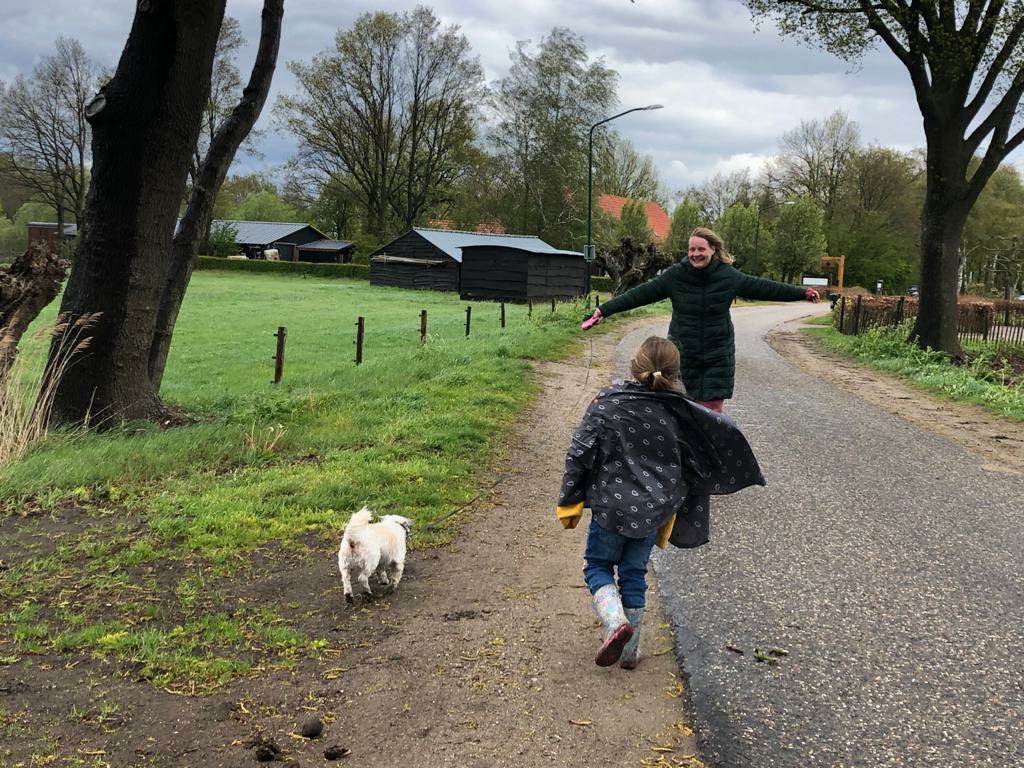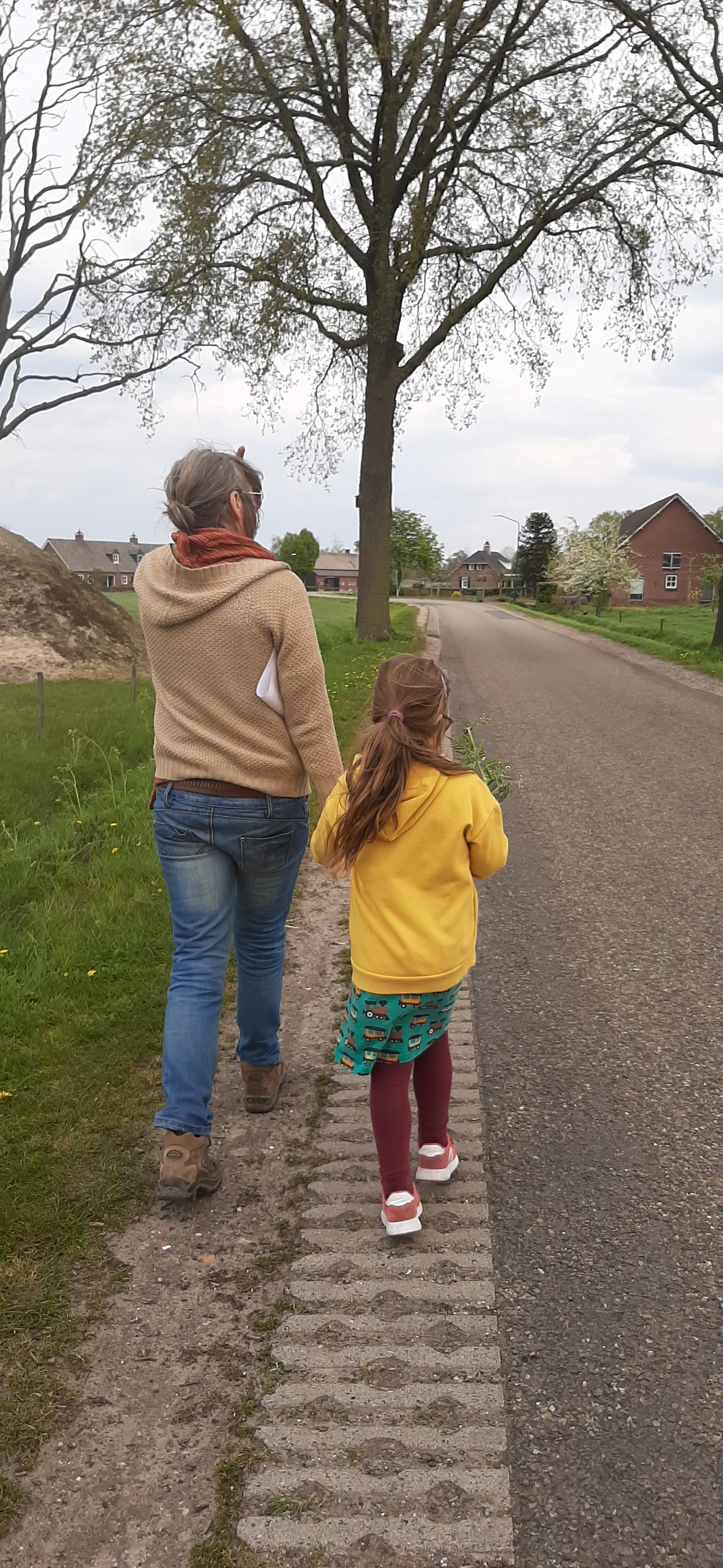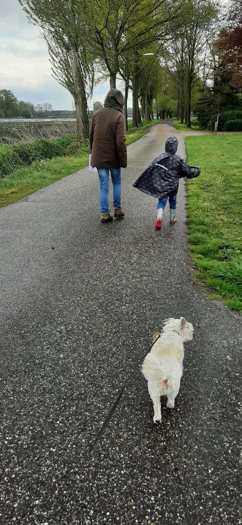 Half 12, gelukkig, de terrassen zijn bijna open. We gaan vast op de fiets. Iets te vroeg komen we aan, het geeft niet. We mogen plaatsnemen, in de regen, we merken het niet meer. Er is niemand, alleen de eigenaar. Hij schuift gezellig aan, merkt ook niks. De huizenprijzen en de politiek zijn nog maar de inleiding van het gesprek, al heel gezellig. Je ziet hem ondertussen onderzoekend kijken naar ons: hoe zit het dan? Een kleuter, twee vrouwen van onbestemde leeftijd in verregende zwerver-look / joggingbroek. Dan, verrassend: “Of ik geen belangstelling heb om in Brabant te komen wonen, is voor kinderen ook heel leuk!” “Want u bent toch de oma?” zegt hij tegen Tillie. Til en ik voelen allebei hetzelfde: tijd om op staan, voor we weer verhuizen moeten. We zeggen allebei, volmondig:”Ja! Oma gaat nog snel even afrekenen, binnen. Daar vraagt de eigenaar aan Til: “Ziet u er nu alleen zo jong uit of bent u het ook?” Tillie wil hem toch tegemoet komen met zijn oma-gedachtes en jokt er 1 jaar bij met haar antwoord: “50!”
* * *
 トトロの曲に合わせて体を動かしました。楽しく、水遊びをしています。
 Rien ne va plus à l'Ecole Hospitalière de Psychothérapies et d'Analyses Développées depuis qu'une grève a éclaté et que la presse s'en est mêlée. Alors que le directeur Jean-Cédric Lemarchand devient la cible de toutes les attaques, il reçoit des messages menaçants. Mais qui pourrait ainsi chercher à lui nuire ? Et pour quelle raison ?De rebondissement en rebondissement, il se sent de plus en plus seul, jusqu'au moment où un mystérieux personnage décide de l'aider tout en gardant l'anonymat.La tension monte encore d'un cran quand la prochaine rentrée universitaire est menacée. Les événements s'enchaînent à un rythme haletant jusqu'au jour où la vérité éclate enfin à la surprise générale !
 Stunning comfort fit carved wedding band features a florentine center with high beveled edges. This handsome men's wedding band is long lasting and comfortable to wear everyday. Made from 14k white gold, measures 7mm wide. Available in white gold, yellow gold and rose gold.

What is expected:
The stretch of entries above that starts with the line containing "トトロの曲に合わせて体を動かしました。楽しく、水遊びをしています。" and goes on through the line containing "Stunning comfort fit" is to be transcribed exactly, and no other line is to be transcribed.

Completed exercise:
 トトロの曲に合わせて体を動かしました。楽しく、水遊びをしています。
 Rien ne va plus à l'Ecole Hospitalière de Psychothérapies et d'Analyses Développées depuis qu'une grève a éclaté et que la presse s'en est mêlée. Alors que le directeur Jean-Cédric Lemarchand devient la cible de toutes les attaques, il reçoit des messages menaçants. Mais qui pourrait ainsi chercher à lui nuire ? Et pour quelle raison ?De rebondissement en rebondissement, il se sent de plus en plus seul, jusqu'au moment où un mystérieux personnage décide de l'aider tout en gardant l'anonymat.La tension monte encore d'un cran quand la prochaine rentrée universitaire est menacée. Les événements s'enchaînent à un rythme haletant jusqu'au jour où la vérité éclate enfin à la surprise générale !
 Stunning comfort fit carved wedding band features a florentine center with high beveled edges. This handsome men's wedding band is long lasting and comfortable to wear everyday. Made from 14k white gold, measures 7mm wide. Available in white gold, yellow gold and rose gold.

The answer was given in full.